Mobil yang mengantar Hansel ke rumah sakit, sudah melaju membelah jalanan kota dan membaur bersama kendaraan lain.
Hanni memilih untuk diam sepanjang perjalanan dan membuang pandangannya keluar jendela, menikmati pemandangan gedung-gedung pencakar langit yang berjajar rapi di sisi jalan.
"Jadi, sudah berapa lama kau menikah?" Hansel buka suara seolah sedang memulai sebuah obrolan dengan Hanni.
Hanni memutar bola matanya sebelum menjawab pertanyaan Hansel.
Haruskah Hanni menceritakan detail kehidupan pribadinya pada tuan muda kepo ini?
"Dua tahun," jawab Hanni singkat.
"Dua tahun menikah dan suamimu belum bisa membelikanmu sebuah baju yang layak?

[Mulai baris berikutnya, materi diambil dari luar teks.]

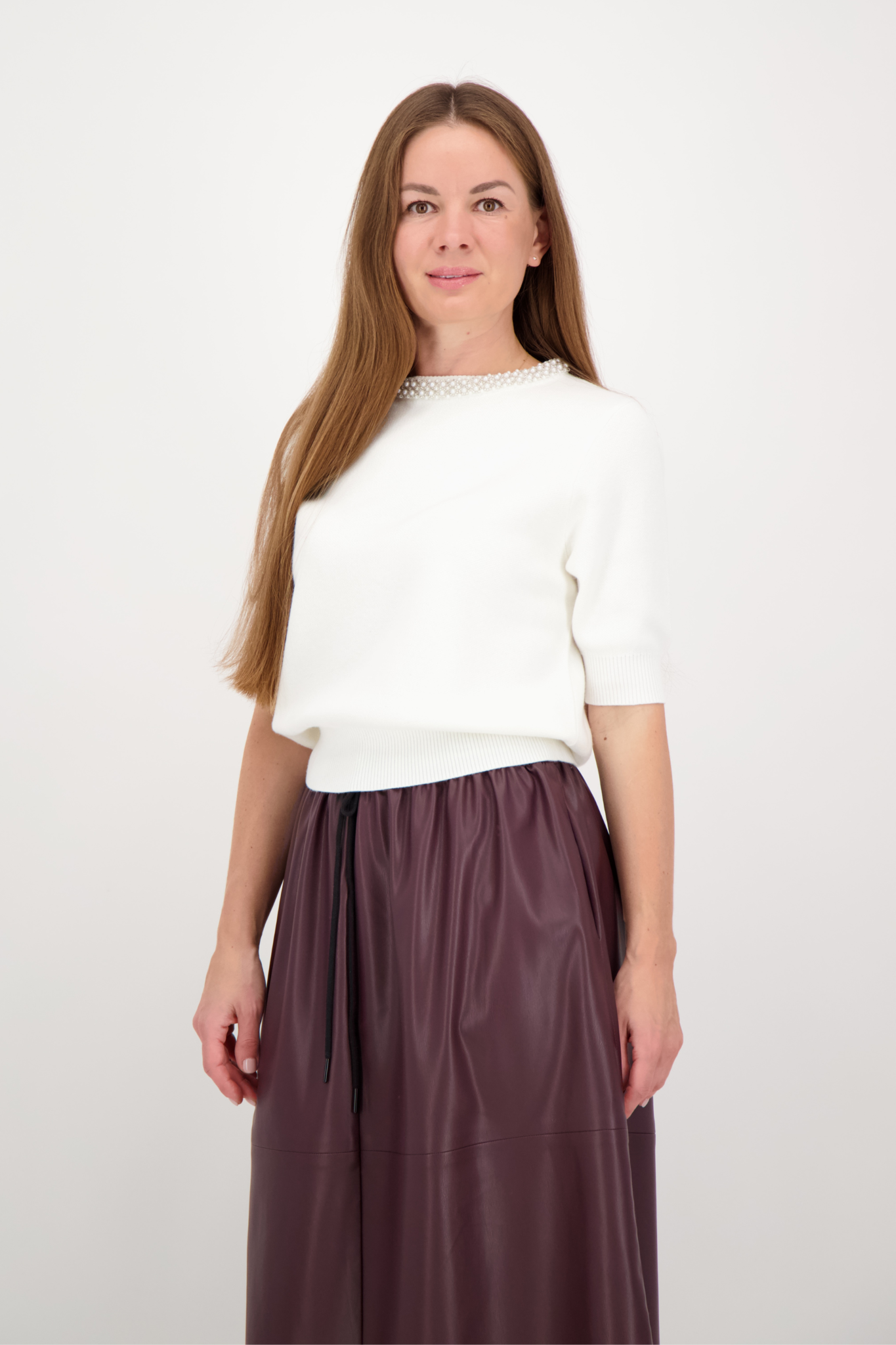 De Pearl Pullover van Suncoo is een elegante trui met korte mouwen en een ronde hals. De trui heeft geribde boorden en is afgewerkt met sierlijke parels rondom de hals voor een subtiel luxe detail.

Miris sekali," gumam Hansel dengan seringai mengejek.
Astaga!
Apa tuan muda pemarah ini akan kembali membahas tentang baju yang Hanni kenakan?
Apa selain pemilik hotel dan tuan muda yang kaya, pria ini juga melakoni pekerjaan sebagai pengamat fashion?

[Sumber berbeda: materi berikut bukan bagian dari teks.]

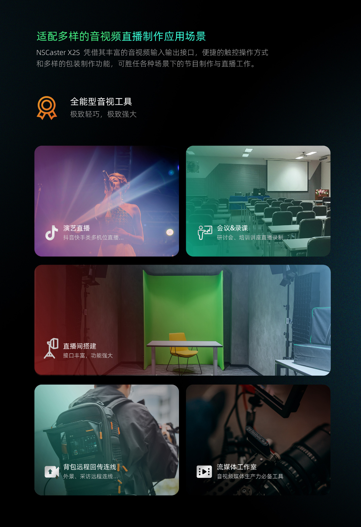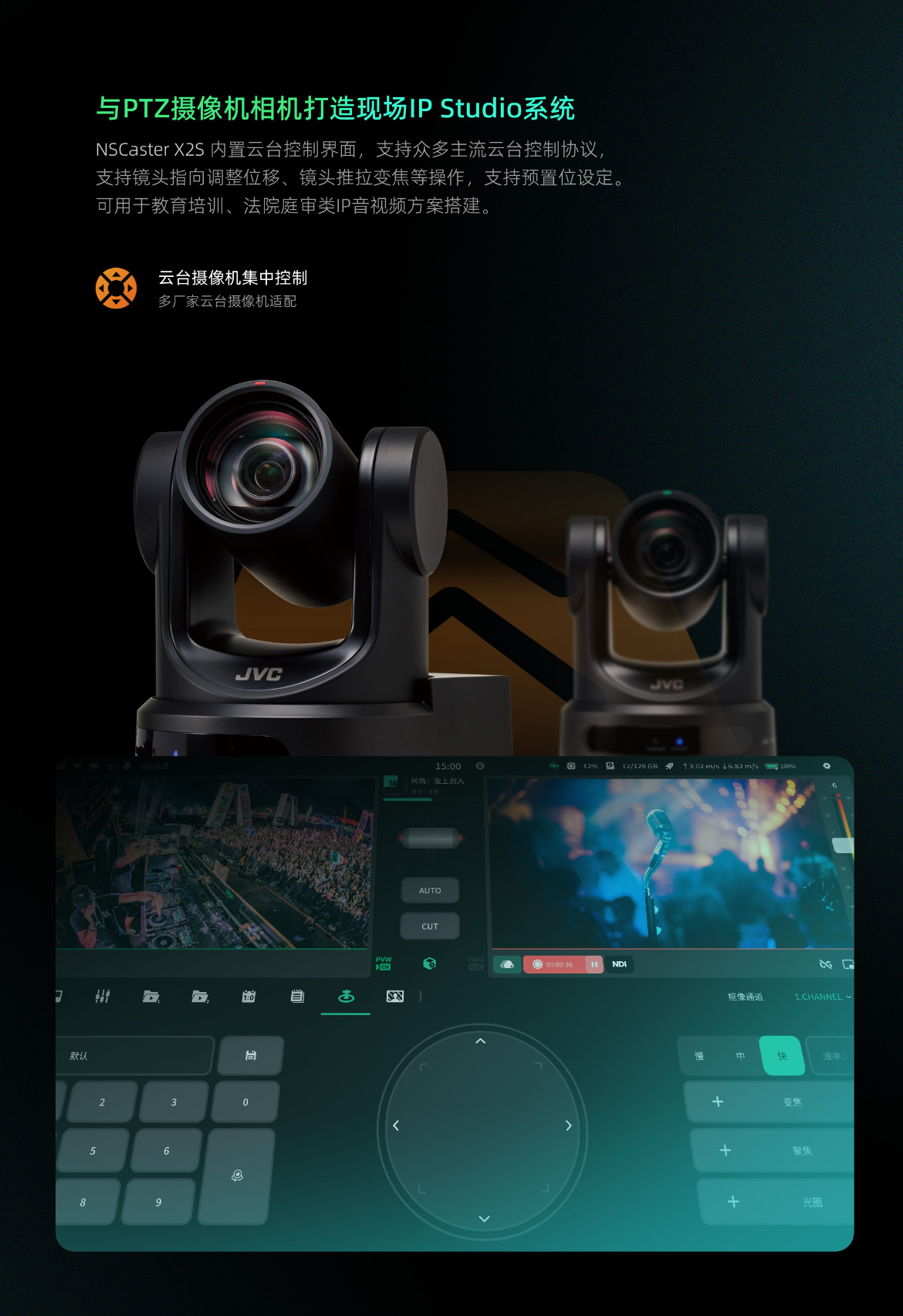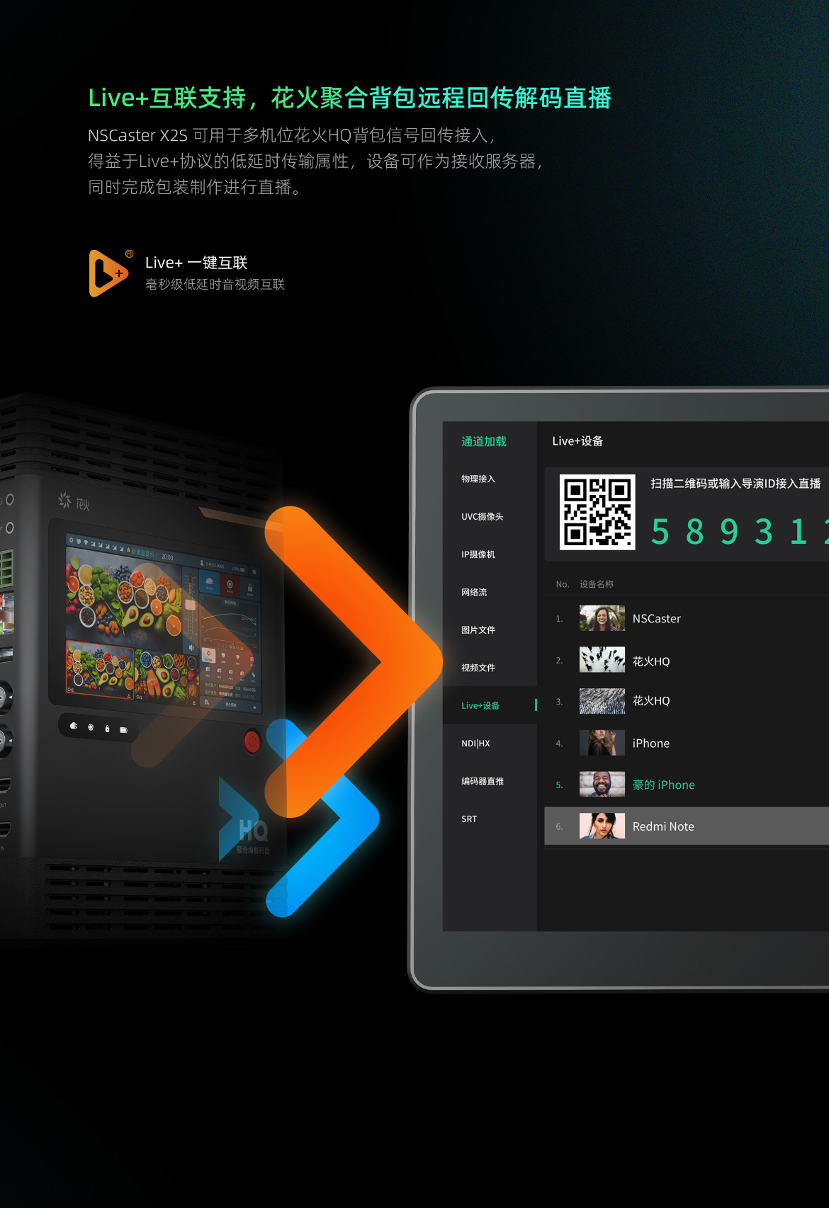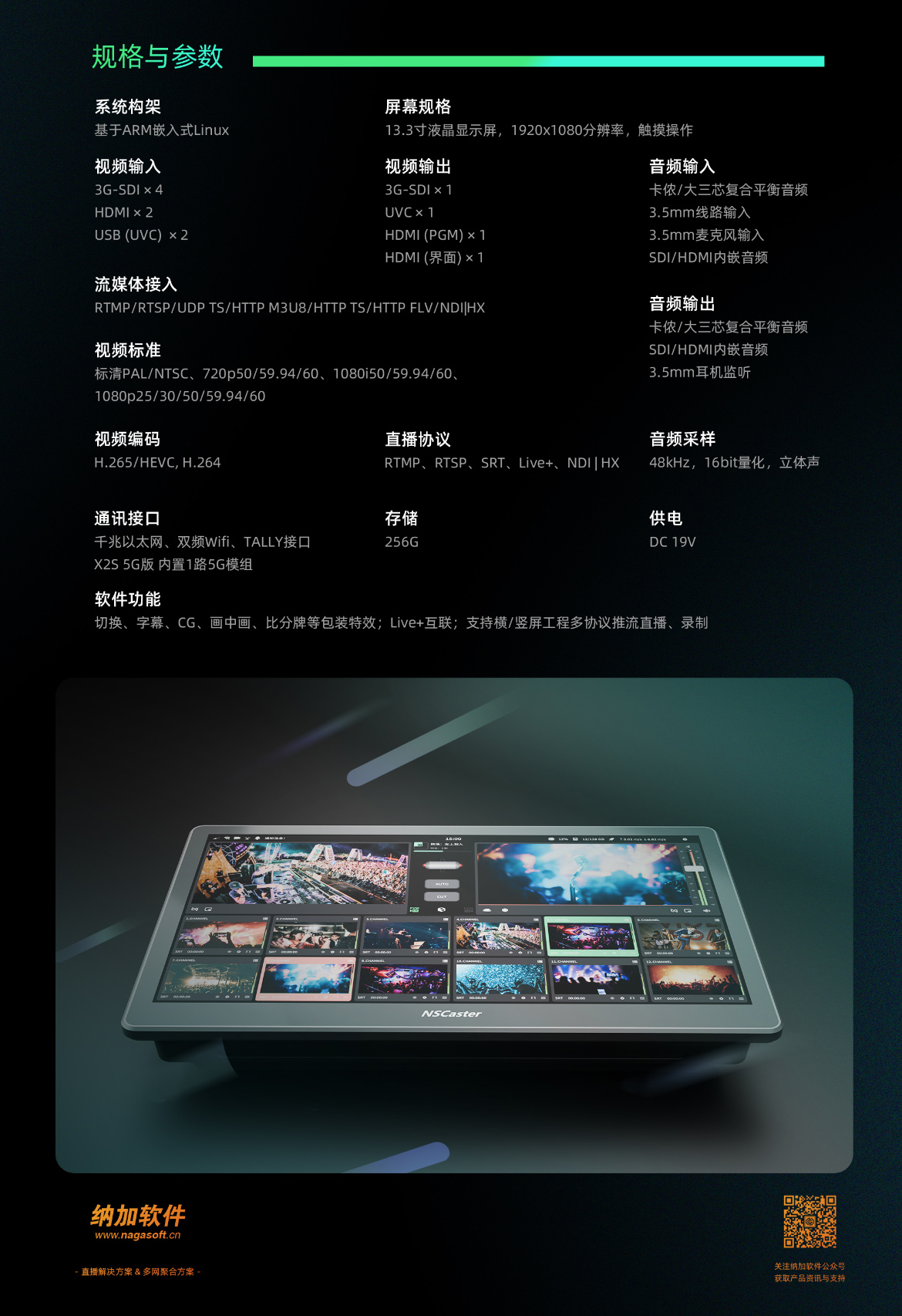 NSCaster X2S 是一款嵌入式的12路导播平板,支持全高清制式节目制作并推流录制。设备配备13.3英寸FHD触控显示屏,支持SDI×4 + HDMI×2物理接口1080p60信号输入;支持众多主流格式流信号加载接入和LIVE+协议花火HQ聚合编解码器、纳加手机拍客APP等设备互动接入。

"Kenapa anda tidak membelikan saya baju yang layak jika memang anda merasa malu melihat penampilan lusuh saya ini?" Sergah Hanni menantang Hansel.
Sejak kapan Hanni jadi seberani ini pada Hansel?
"Apa kau sedang mengemis padaku?" Tanya Hansel masih dengan seringai mengejek dan meremehkan.
"Minta saja pada suamimu yang miskin itu, dan jangan coba-coba untuk mengemis padaku!" sergah Hansel sekali lagi kali ini tangannya bersedekap di depan dada.
"Siapa memangnya yang mengemis? Anda saja yang terlalu percaya diri," gumam Hanni merasa sebal.
"Apa katamu barusan?" Sepertinya Hansel mendengar gumaman Hanni barusan.
"Apa? Saya tidak berkata apa-apa," sanggah Hanni cepat.
"Jangan kamu pikir aku tuli dan tidak mendengar gumamanmu barusan!" Hansel menuding ke arah Hanni.
Mobil sudah sampai di depan lobbi rumah sakit. Hanni hanya diam dan enggan menanggapi tuan muda yang sedang mencak-mencak ini.
Pak sopir sudah turun dan membukakan pintu mobil untuk Hansel.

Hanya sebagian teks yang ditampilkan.